Since the late 1970s, in fact, conservative US Catholics and evangelicals have been allies in the “culture war” that has shaped US partisan politics. This has been due in no small part to the conservative “reform of the reform” of the Second Vatican Council undertaken by popes John Paul II and Benedict XVI, and the bishops they appointed to make it happen.
Yes. Today the US Catholic Church is a divided house and it is time for institutional reformation. A good project for Lent 2021 that begins on February 17th. A change in mentality is certainly needed: one that’s more open and inviting, less restrictive, and less confrontational. We need better educated leaders, who have undergone a kind of pastoral renewal with updated historical and theological perspectives.
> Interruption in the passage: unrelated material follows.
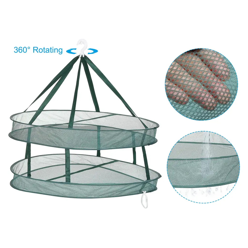 Our Folded Mesh Clothes Hanging Dryer - the perfect solution for drying your clothes efficiently and conveniently. This double tier sweater drying rack provides ample space for all your drying needs.SpecificationMaterial: Polyester, Stainless SteelDimension: 77cm x 61cm x 34cm/ 30.3 inch x 24 inch x 13.4 inch (L*W*H)Packing List: 1 x Folded Mesh Clothes Hanging DryerAdvantageWith its open-mesh design, this drying rack facilitates optimal airflow, allowing your clothes to dry quickly and evenly. Your clothes will be fresh and ready to wear in no time.Our durable plastic hook is designed to work seamlessly on standard shower rods, providing a reliable hanging solution. It can be easily locked in place, preventing it from blowing down due to wind.InstructionWhen not in use, this folding laundry drying rack can be easily folded and compactly stored away, saving valuable space in your home. Its lightweight and portable design also make it a great choice for those who frequently travel or have limited drying space.Note: Please note that this folded mesh clothes hanging dryer is specifically designed for drying clothes. Avoid overloading the rack with heavy items or placing pointed objects that may harm the mesh.

Ongoing theological education and formation has been a big part of my life. With men and women in ministry or preparing for ministry. Even with bishops. I remember a session – now a few years ago – with a small group of US bishops, whom I knew as friends. They were complaining to me that they felt “out of touch” with their clergy and lay people. After a few minutes the group fell silent. I looked at them and calmly and simply said “Gentlemen, with all due respect, you don’t have much credibility anymore. Your knowledge of church history is minimal. Your biblical perspective and understanding resonate more with the early 1950s, as does your understanding of human sexuality and gender.” No one became angry. No got up and walked out of the room. We had a very sincere and respectful discussion. A number of those men later went on continuing ed. sabbaticals. Others began to seek out, to read, and to listen to well-respected theologians. It can happen.
We all need renewed perspectives. Progressives as well as conservatives. In the process we need to listen to each other with humility, respect, inquisitive minds, and compassionate understanding. No one has all the answers. All theologies – even the ones I like — are provisional until a better explanation is found. We are all teachers and we are all learners. We are all believers…..We do need each other. A divided “Body of Christ” is neither life-giving nor Christian.
Sooner or later divided houses collapse, but they take a lot of innocent victims with them.